Ryan Streeter
Jon Kyl just said on the Senate floor, “I cannot believe that its funding for Planned Parenthood that is holding this up.”
He reiterated that 90% of what Planned Parenthood does is abortion services, and he chastised Harry Reid’s floor speech in which the majority leader lamented (with the same sorrow in his voice as when he defended cowboy poetry festivals) that young women wouldn’t have anywhere to go to get their cholesterol checked, and so on. The services Reid was lamenting would be lost can be found through other health service providers.
Kyl claimed that this issue is a red herring, and that the Democrats are using it to avoid the spending cuts that they say they want but are trying to avoid like the plague. I think he's right.

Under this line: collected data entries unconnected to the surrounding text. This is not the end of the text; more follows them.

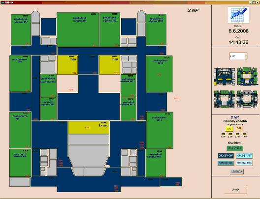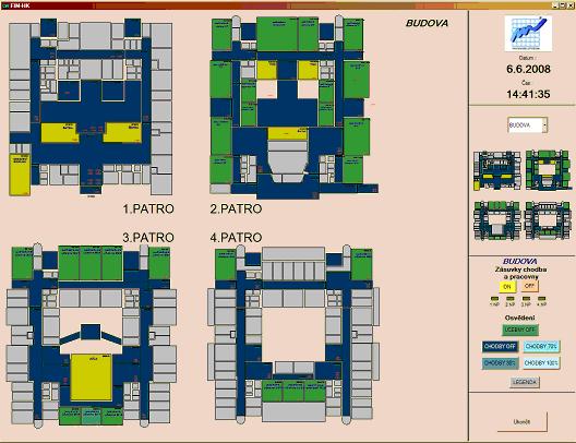- vizualizace stavu osvětlení, zásuvek a žaluzií včech prostor budovy
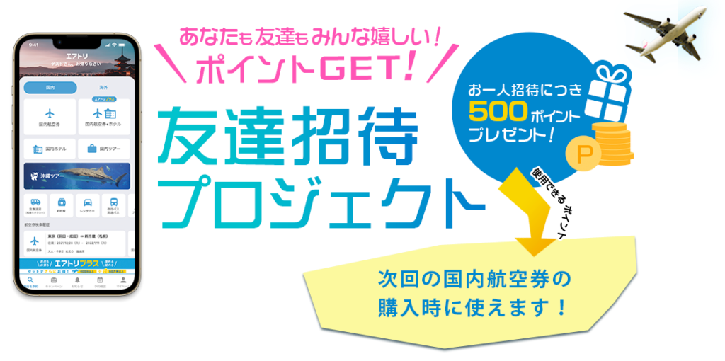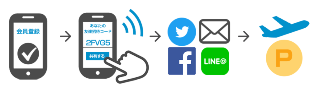 - 友達がこのコードを使って国内航空券を購入~搭乗すると、あなたにポイントが付与される。
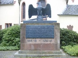 An der evang. Kirche befindet sich das Kriegerdenkmal. Eine aus Sandsteinen bestehende Wand. Mit einem Adler der auf einem Stahlhelm mit Schwert sitzt und seine Schwingen ausbreitet. Vorne eine Namenstafel aus Metall (1. WK). An den beiden Seiten jeweils eine Namenstafel aus Metall (2. WK)
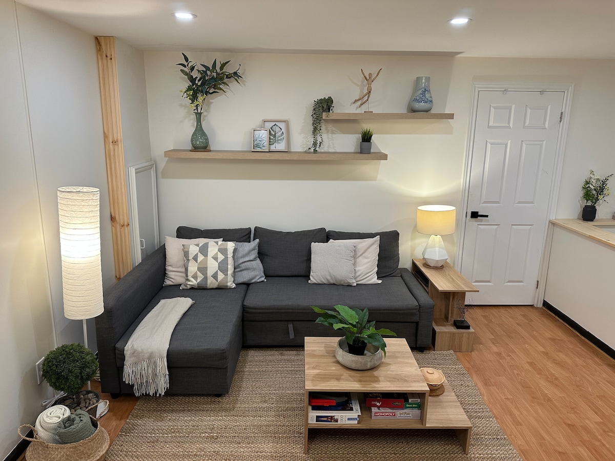 Entire lower level unit. Very clean and cozy unit in a great friendly neighborhood. The unit is bright and airy. The bathroom and kitchen is yours to use. Separate entrance through the side door of the house. Closet space to store your luggage and clothes. Coffee machine with pods and kettle are at your disposable. Extra blankets and pillows are available upon request. While the unit offers a private setup, the main house may also be accessed or shared as per your needs.

So why don’t Republicans use it to call their bluff? Why not tell the Democrats that they’ll pull it from the package if the Democrats come up $20 billion from the alleged $38 billion they’ve agreed to? That would put the total at $58 billion, close enough to the Republican goal and a substantial concession from Democrats. The latter could claim they saved Planned Parenthood, and the Republicans could claim a victory on cuts.
My guess is that Democrats would balk, and then the Republicans could get out ahead of this Planned Parenthood issue, which the Democrats seems to be demagoguing successfully right now. If the Dems passed on the deal, the Republicans could say they were willing to remove a high priority from the list, and that the Dems showed their true colors: they are unwilling to cut a micro-sliver of a percentage of the federal budget.
If by chance such a bargain worked, Republicans could keep the Planned Parenthood issue alive with hearings that shine a bright light on how much the organizations spends and on what. There's plenty of time for that this year before next year's budget debates start.